---------- DATA ----------

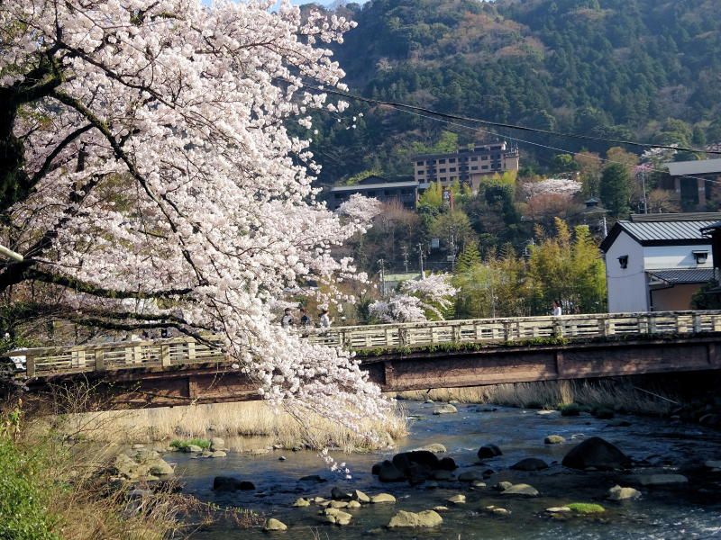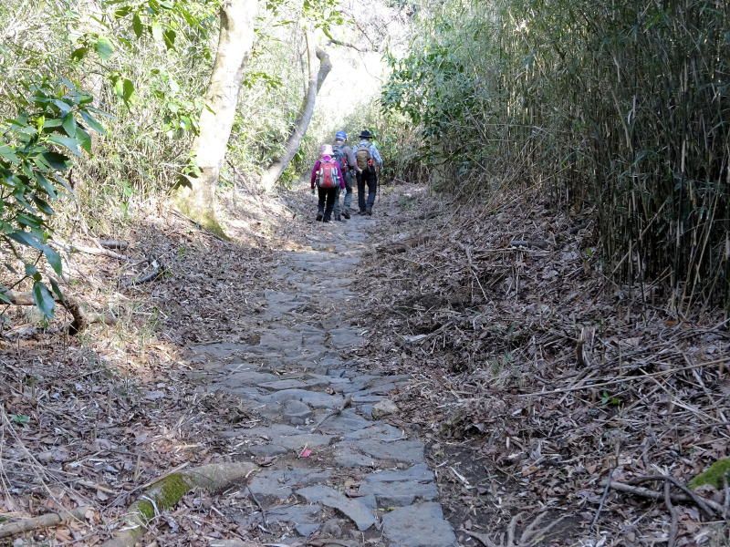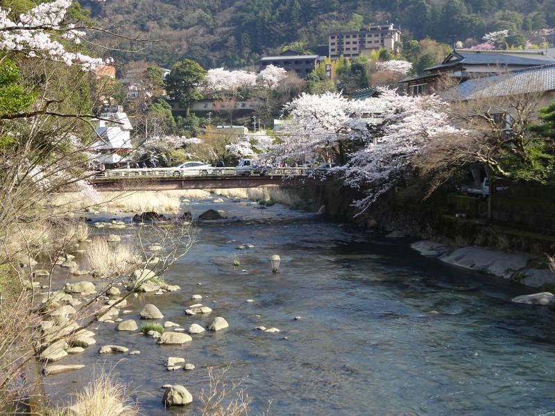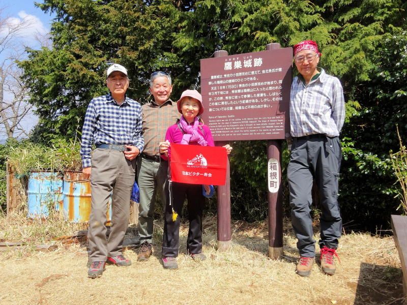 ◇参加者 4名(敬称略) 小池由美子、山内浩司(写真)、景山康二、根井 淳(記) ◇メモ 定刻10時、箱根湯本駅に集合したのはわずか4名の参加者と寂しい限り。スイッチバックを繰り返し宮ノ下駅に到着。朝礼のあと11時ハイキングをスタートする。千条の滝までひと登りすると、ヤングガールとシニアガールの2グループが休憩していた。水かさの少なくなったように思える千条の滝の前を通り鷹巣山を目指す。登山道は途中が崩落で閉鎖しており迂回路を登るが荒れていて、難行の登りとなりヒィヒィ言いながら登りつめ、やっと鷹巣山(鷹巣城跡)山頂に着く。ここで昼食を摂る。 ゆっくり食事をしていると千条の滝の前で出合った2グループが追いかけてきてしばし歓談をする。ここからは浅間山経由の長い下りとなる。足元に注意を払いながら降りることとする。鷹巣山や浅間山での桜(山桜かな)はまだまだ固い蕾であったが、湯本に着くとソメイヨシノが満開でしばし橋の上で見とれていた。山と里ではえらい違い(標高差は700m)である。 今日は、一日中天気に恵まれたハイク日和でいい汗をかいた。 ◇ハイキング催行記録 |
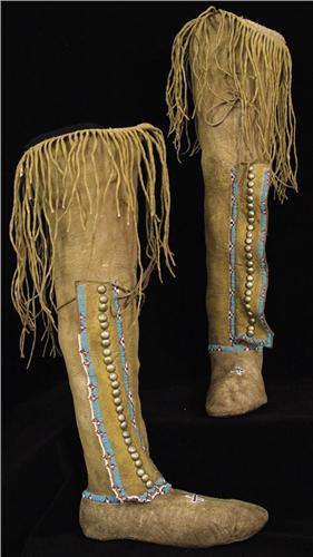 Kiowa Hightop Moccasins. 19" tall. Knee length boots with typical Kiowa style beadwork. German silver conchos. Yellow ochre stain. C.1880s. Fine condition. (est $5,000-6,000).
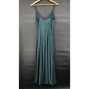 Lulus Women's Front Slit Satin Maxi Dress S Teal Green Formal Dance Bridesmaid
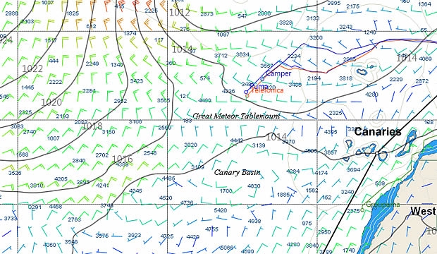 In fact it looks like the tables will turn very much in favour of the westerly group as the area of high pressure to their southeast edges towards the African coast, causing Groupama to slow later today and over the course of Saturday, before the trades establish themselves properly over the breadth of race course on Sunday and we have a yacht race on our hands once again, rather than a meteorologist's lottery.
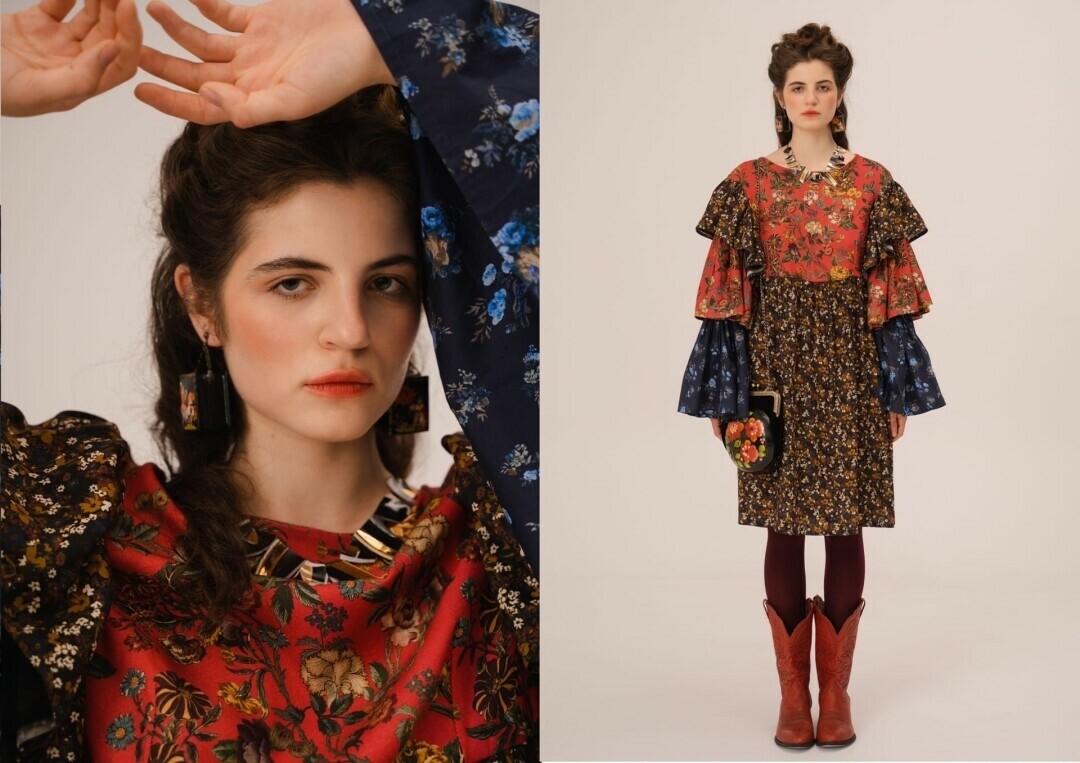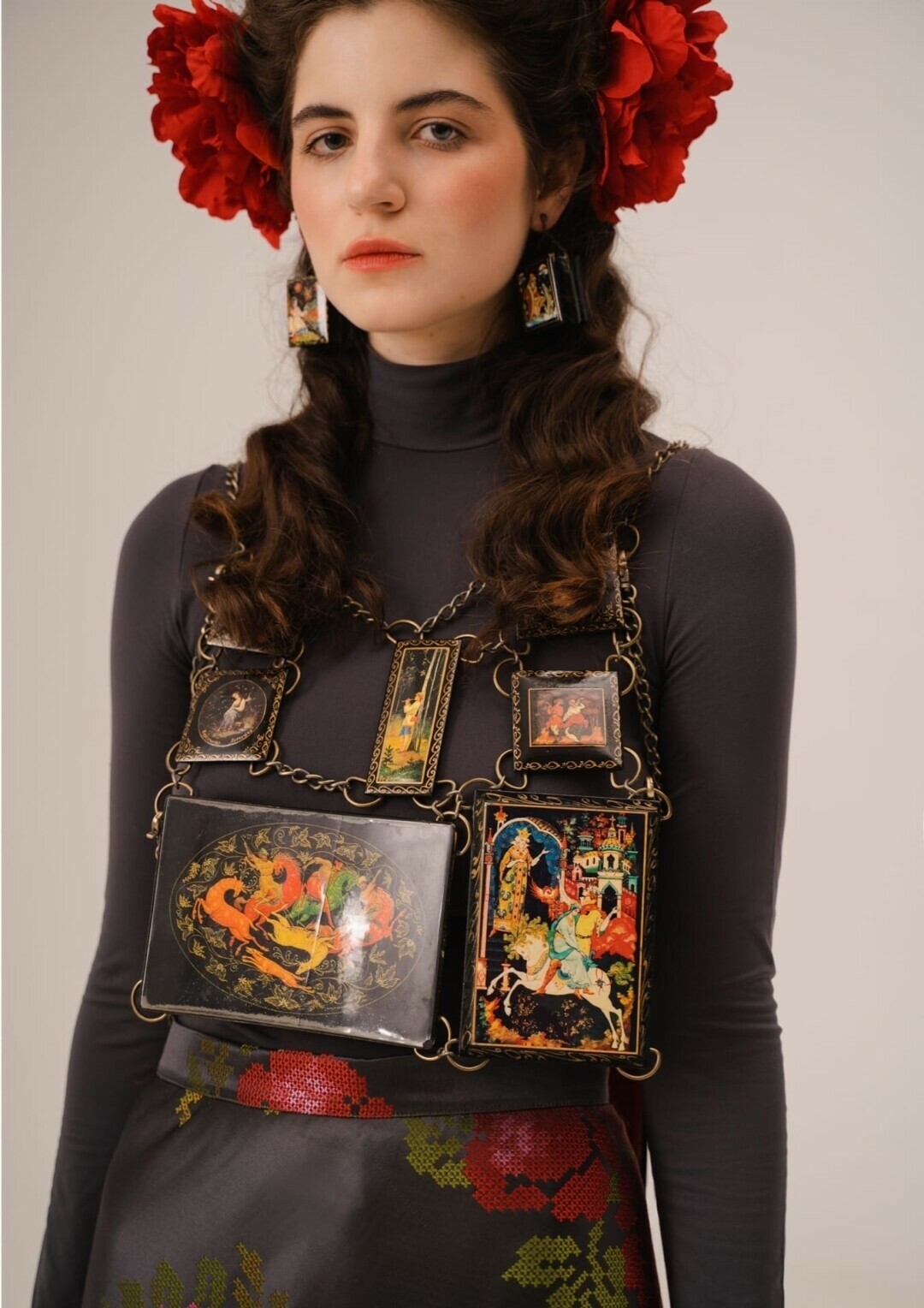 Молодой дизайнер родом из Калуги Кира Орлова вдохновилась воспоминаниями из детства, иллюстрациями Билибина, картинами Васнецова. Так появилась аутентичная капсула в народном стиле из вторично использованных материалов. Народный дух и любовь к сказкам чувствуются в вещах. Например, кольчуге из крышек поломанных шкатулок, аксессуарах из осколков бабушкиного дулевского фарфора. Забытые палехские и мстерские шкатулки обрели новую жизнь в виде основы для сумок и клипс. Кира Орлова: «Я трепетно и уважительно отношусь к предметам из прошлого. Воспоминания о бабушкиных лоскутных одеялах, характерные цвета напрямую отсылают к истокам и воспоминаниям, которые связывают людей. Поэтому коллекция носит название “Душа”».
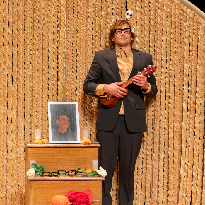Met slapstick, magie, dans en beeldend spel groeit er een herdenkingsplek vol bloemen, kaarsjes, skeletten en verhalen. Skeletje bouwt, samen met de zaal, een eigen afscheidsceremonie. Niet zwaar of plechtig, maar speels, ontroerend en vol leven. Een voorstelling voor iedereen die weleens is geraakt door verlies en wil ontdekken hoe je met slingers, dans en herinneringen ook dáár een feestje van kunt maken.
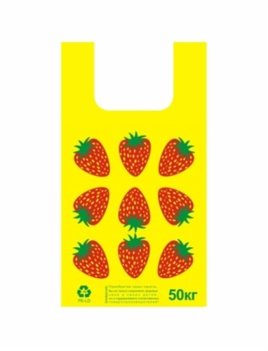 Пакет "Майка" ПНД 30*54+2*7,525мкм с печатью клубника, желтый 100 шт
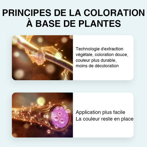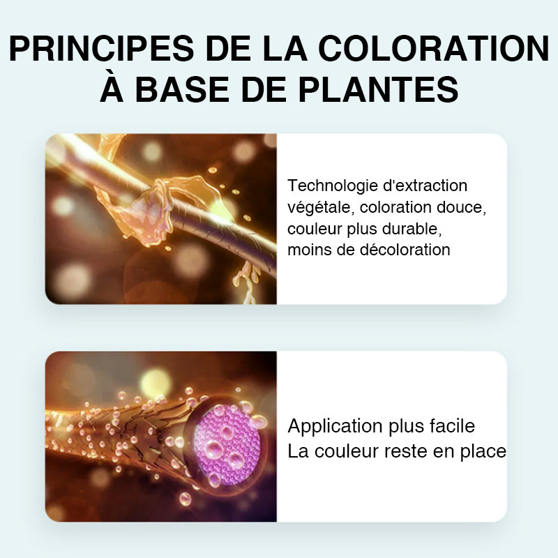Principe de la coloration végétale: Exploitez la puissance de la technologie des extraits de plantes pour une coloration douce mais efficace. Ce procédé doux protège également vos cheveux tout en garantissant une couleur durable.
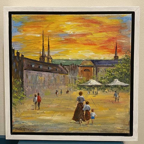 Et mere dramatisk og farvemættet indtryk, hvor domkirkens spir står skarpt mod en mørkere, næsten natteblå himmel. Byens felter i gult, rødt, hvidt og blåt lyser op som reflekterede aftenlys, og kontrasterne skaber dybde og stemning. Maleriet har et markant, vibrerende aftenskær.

----------

TASK DIRECTIONS :: In the data above, start at the line holding "Kiowa Hightop Moccasins." and stop after the line holding "Principe de la"; write out those lines exactly, without pictures.

RESPONSE ::
 Kiowa Hightop Moccasins. 19" tall. Knee length boots with typical Kiowa style beadwork. German silver conchos. Yellow ochre stain. C.1880s. Fine condition. (est $5,000-6,000).
 Lulus Women's Front Slit Satin Maxi Dress S Teal Green Formal Dance Bridesmaid
 In fact it looks like the tables will turn very much in favour of the westerly group as the area of high pressure to their southeast edges towards the African coast, causing Groupama to slow later today and over the course of Saturday, before the trades establish themselves properly over the breadth of race course on Sunday and we have a yacht race on our hands once again, rather than a meteorologist's lottery.
 Молодой дизайнер родом из Калуги Кира Орлова вдохновилась воспоминаниями из детства, иллюстрациями Билибина, картинами Васнецова. Так появилась аутентичная капсула в народном стиле из вторично использованных материалов. Народный дух и любовь к сказкам чувствуются в вещах. Например, кольчуге из крышек поломанных шкатулок, аксессуарах из осколков бабушкиного дулевского фарфора. Забытые палехские и мстерские шкатулки обрели новую жизнь в виде основы для сумок и клипс. Кира Орлова: «Я трепетно и уважительно отношусь к предметам из прошлого. Воспоминания о бабушкиных лоскутных одеялах, характерные цвета напрямую отсылают к истокам и воспоминаниям, которые связывают людей. Поэтому коллекция носит название “Душа”».
Met slapstick, magie, dans en beeldend spel groeit er een herdenkingsplek vol bloemen, kaarsjes, skeletten en verhalen. Skeletje bouwt, samen met de zaal, een eigen afscheidsceremonie. Niet zwaar of plechtig, maar speels, ontroerend en vol leven. Een voorstelling voor iedereen die weleens is geraakt door verlies en wil ontdekken hoe je met slingers, dans en herinneringen ook dáár een feestje van kunt maken.
 Пакет "Майка" ПНД 30*54+2*7,525мкм с печатью клубника, желтый 100 шт
Principe de la coloration végétale: Exploitez la puissance de la technologie des extraits de plantes pour une coloration douce mais efficace. Ce procédé doux protège également vos cheveux tout en garantissant une couleur durable.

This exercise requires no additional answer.